*Given material*.
--

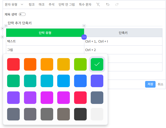 매뉴얼웍스에서는 기본적으로 테마에서 정한 표 머리 셀 색과 표 셀 색을 적용합니다. 6.0.15 버전에서는 개별 셀에 다른 배경색을 따로 설정할 수 있는 기능을 추가했습니다.
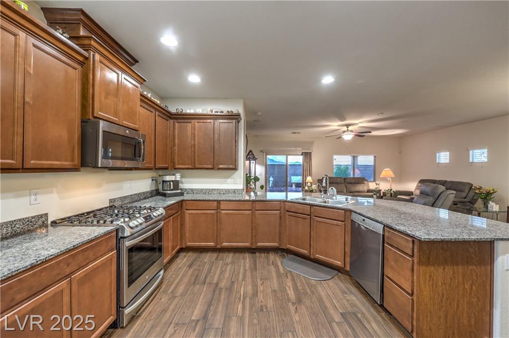 Two primary suites, fully paid-off solar, and over 3,100 sq ft of flexible living space—this home checks every box! Tucked on a premium corner lot, this 4-bedroom, 3.5-bathroom stunner is ideal for multigenerational living, long-term guests, or anyone craving space to spread out. The heart of the home is a spacious kitchen with granite counters, stainless steel appliances, and rich espresso cabinetry, opening to bright and airy living and dining areas. Upstairs, a generous loft offers endless possibilities—home office, media room, play space—you decide! Additional highlights include a 3-car garage, dedicated laundry room with built-ins and sink, and energy-efficient fully owned solar. Homes with this kind of layout, size, and value don’t come along often—schedule your showing today!
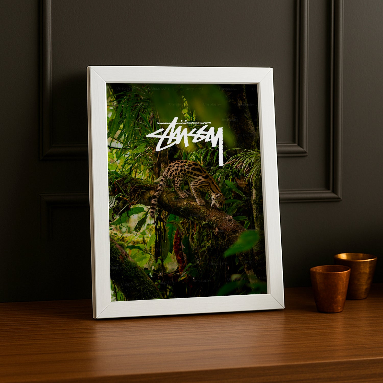Apportez une touche sauvage et stylée à votre intérieur avec le cadre photo Stüssy - Jungle. Son design unique mêle l’esprit urbain à une ambiance tropicale, parfait pour mettre en valeur vos souvenirs les plus fun. Facile à accrocher, il transforme instantanément vos murs en une véritable aventure visuelle. Idéal pour les amateurs de déco qui aiment sortir des sentiers battus !

--

*What you have to do*. Copy out the data verbatim, with no pictures.

*Exercise response*.
 매뉴얼웍스에서는 기본적으로 테마에서 정한 표 머리 셀 색과 표 셀 색을 적용합니다. 6.0.15 버전에서는 개별 셀에 다른 배경색을 따로 설정할 수 있는 기능을 추가했습니다.
 Two primary suites, fully paid-off solar, and over 3,100 sq ft of flexible living space—this home checks every box! Tucked on a premium corner lot, this 4-bedroom, 3.5-bathroom stunner is ideal for multigenerational living, long-term guests, or anyone craving space to spread out. The heart of the home is a spacious kitchen with granite counters, stainless steel appliances, and rich espresso cabinetry, opening to bright and airy living and dining areas. Upstairs, a generous loft offers endless possibilities—home office, media room, play space—you decide! Additional highlights include a 3-car garage, dedicated laundry room with built-ins and sink, and energy-efficient fully owned solar. Homes with this kind of layout, size, and value don’t come along often—schedule your showing today!
Apportez une touche sauvage et stylée à votre intérieur avec le cadre photo Stüssy - Jungle. Son design unique mêle l’esprit urbain à une ambiance tropicale, parfait pour mettre en valeur vos souvenirs les plus fun. Facile à accrocher, il transforme instantanément vos murs en une véritable aventure visuelle. Idéal pour les amateurs de déco qui aiment sortir des sentiers battus !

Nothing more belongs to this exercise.